Over the past 15-20 years, Portugal's wine industry has been transformed. Quality has been pushed to the forefront; producers have returned to native varieties in a big way, recognising them as Portugal's raison d'etre in a crowded and competitive global wine industry. Meanwhile, regions that were once also-rans have emerged with distinctive styles and a renewed commitment to local traditions.
Over this time, Australian-born David Baverstock has been chief winemaker at Esporao, one of the largest and best respected producers in the southern Alentejo region. His career has been emblematic of the changes that have transformed the industry.
Committed to local grape varieties, he is also a proponent of the traditional Portuguese art of the blend - with a few exceptions he only makes single varietals to illustrate the individual characteristics in the more widely produced blends.
He has overseen a massive overhaul of Esporaro's key brands including, at the value end PE/Alandra and Monte Velho, and at the premium, Esporao Reserva. He has started making two Amphora wines, Vinhas Velhas and Moreto. And in Douro, Esporao now produces wines under the Quinta Dos Murcas label, including the value-end Assobio label.
Other projects include a long-term plan to acquire a winery in Vinho Verde - “Alvarinho is such a great variety” - though there is currently nothing definite.
As if to compensate though, last year saw Esporao buy a Porto-based craft beer producer Sovina, which it plans to distribute via national distributor Prime Drinks, in which Esporao also has a share.
As 2018 gets under way, Baverstock admitted there had been no slowing in pace, with attention currently focused on upgrading the main winery before this years harvest.
“It was built in the 1980s and grew up bit by bit, but it was never really that organized. We are rebuilding it to enable us to boost capacity. We are now one of the biggest producers in Portugal, with around 15 million bottles a year – the co-ops are bigger but they generally don't have to bottle all their wine,” he said.
Aside from Esporao's organic growth, another reason for the winery revamp has been climate change, which has prompted a shortening in harvest times from around eight weeks to five, with harvesting now starting at the start of August instead of at the end.
“The new winery will have to be able to deal with this accelerated timetable. The truth is that in such a warm region as Alentejo, grapes now ripen much more quickly, particularly for the reds.

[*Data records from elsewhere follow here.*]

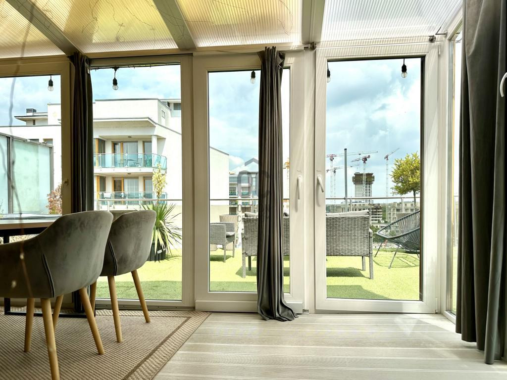 - A tágas nappaliból a télikerten keresztül juthatunk a privát teraszra, a hálószobából pedig kijárat van a nagy erkélyre.
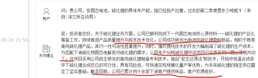 硫化锂核心优势:国内最大锂化合物生产商,硫化锂产能5000吨/年,采用“锂辉石-硫化锂”一体化工艺,成本较外购低20%。已向20余家客户供货,与固态电池企业合作开发高能量密度电池,2025年通过盐湖锂工艺进一步降本。
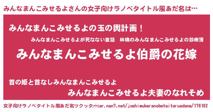 | ファンタジー風あだ名 | 『エターナルミンナマンコミセルヨー』 |
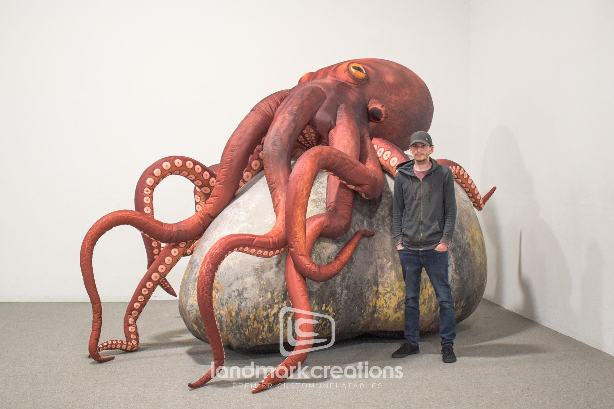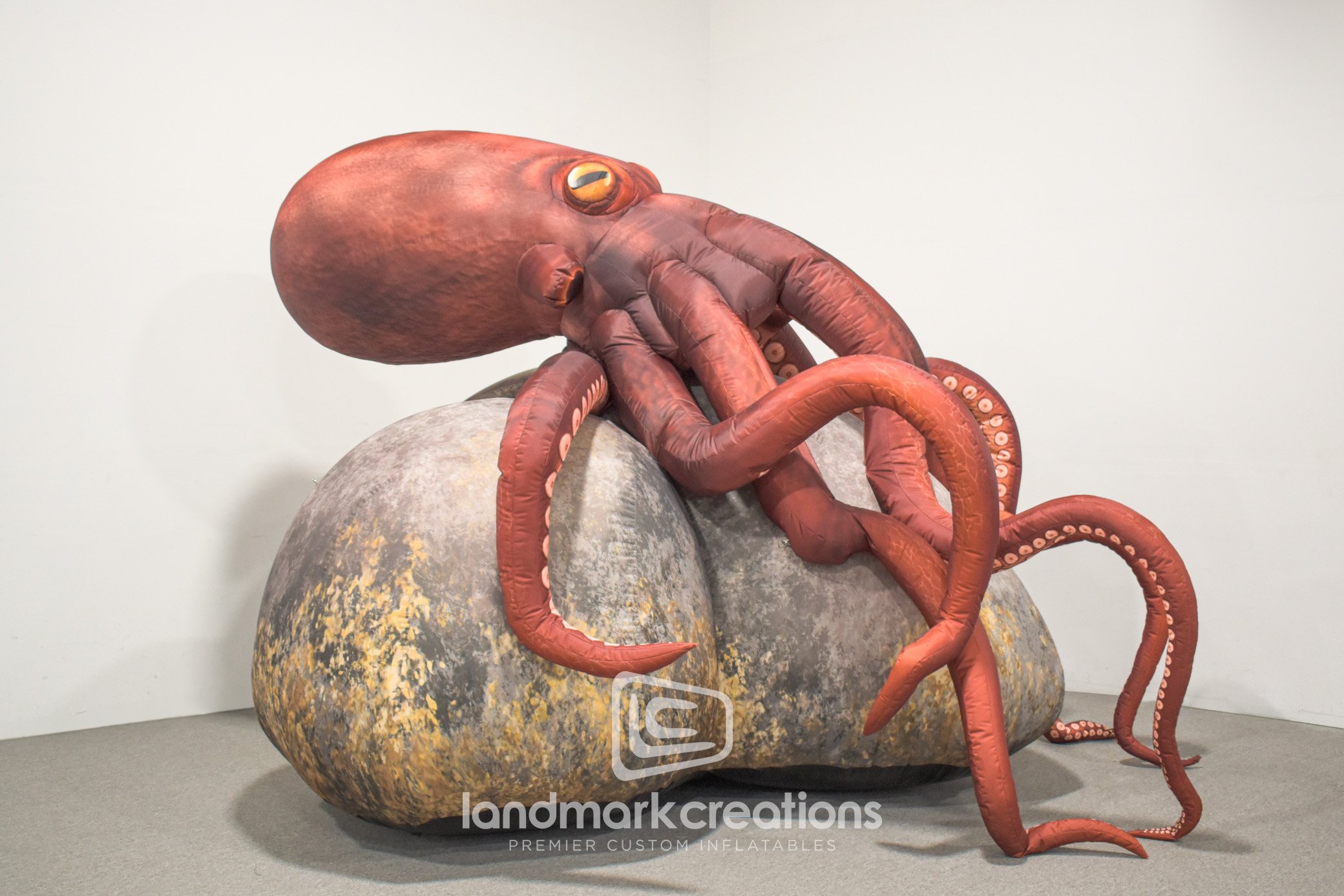 Landmark Creations crafted this Giant Pacific Octopus inflatable for Discovery Cube Orange County’s summer exhibit, Ocean Encounter. Measuring 15 feet in length, this striking replica is designed to captivate visitors with its realistic details and vibrant colors, creating an unforgettable experience for museum-goers of all ages. Complete with white lights for added visual impact, this custom inflatable elevates outdoor promotions, enhancing educational engagement and thematic storytelling.
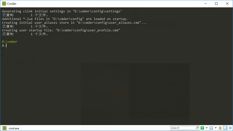 运行Cmder.exe(第一次运行建议以“管理员身份”运行,方便初始化)
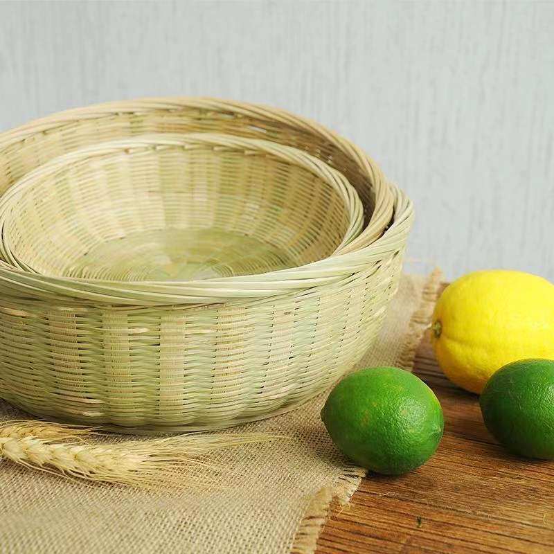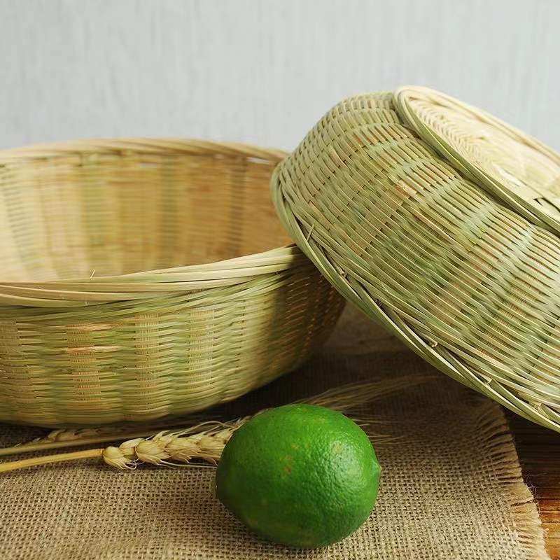 馒头馍竹编制品筐筲簸箕农家用手工圆收纳沥水篮竹篓筐有无孔筛子
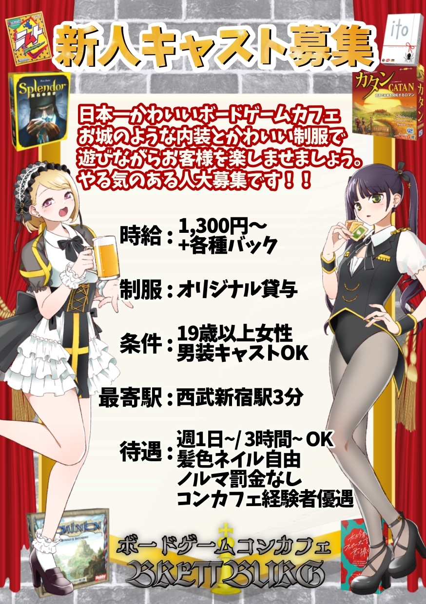 新宿のボードゲームコンカフェBRETTBURGです!あまりブログが更新できずすみません。。。今月から新人キャストがたくさん増えましたので紹介したいと思い久しぶりに書きました!現在新人ちゃんに会って仲良くなろう企画『新人スタンプラリー』を開催中です。みんな可愛い上にかなりのボードゲーマーです!コ...

If you get hot spells early in the season, that's OK but later on, sugars can go through the roof if you don't manage things well,” he said.
Baverstock added the changing climate, coupled with a shift in taste away from heavier styles, had changed how Esporao makes its wines. Less oak generally is used at the premium end, whilst amongst the cheaper wines there has been a definite move away from new oak and a focus on using better base materials.
“The aim is to make well-balanced, food-pairing wines with elegance and freshness. We seek concentration in terms of fruit flavour and expression,” he said.
Baverstock said the shift towards making more expressive wines has been helped by Portugal's impressive pallet of grape varieties.
“We've been using much more Touriga Nacional and Alicante Bouschet than we were a few years ago, but we work with around 20-25 varieties. It is useful to have such a range to fall back on,” he admitted.
Although it still produces a single varietal white Verdelho and red Trincadeira every year, Esporao has largely moved away from making varietal wines, instead putting the focus on blends. However the estate wines will soon be fully organic; some 150 hectares have already been switched across with the remaining 350 to be certified by 2020.
Baverstock sees the move as inevitable, echoing Portugal's more general shift towards quality, reflecting new, dynamic wine-makers who in many cases have returned home after training in such places as France, Italy and Australia.
“Over the past 20 years wine-making here has improved dramatically. There is also much more consistency. It used to be that a good vintage could be followed by a bad one but improvements in wine-making makes that much less likely, particularly with the higher end wines. If there is a problem it is at the entry/above-entry level; the industry needs more Monte Velho's from the likes of Sogrape, that provide quality and consistency at a good price. It will happen but it takes time,” he said.
He is frustrated that the industry's emerging talent is not marketing themselves properly.
“This is such an exciting country. Regions like Dao and Barraida have come on enormously and wine-makers there are producing some outstanding wines. And Douro and Alentejo get better each year,” he said.
Baverstock reckons Portugal's impressive range of native varieties and the drive towards quality – particularly at the top end – is making it carve out a niche for itself, with quality also improving at the volume end.
Although Portugal's increased tourism profile helps boost recognition of Portuguese wines, lack of profile remains a problem, he said.
“We also need to retain focus on our unique biodiversity, our varieties and the other things that make this place great. There is no reason why Douro and Alentejo can't be as famous in a few years as Chianti.”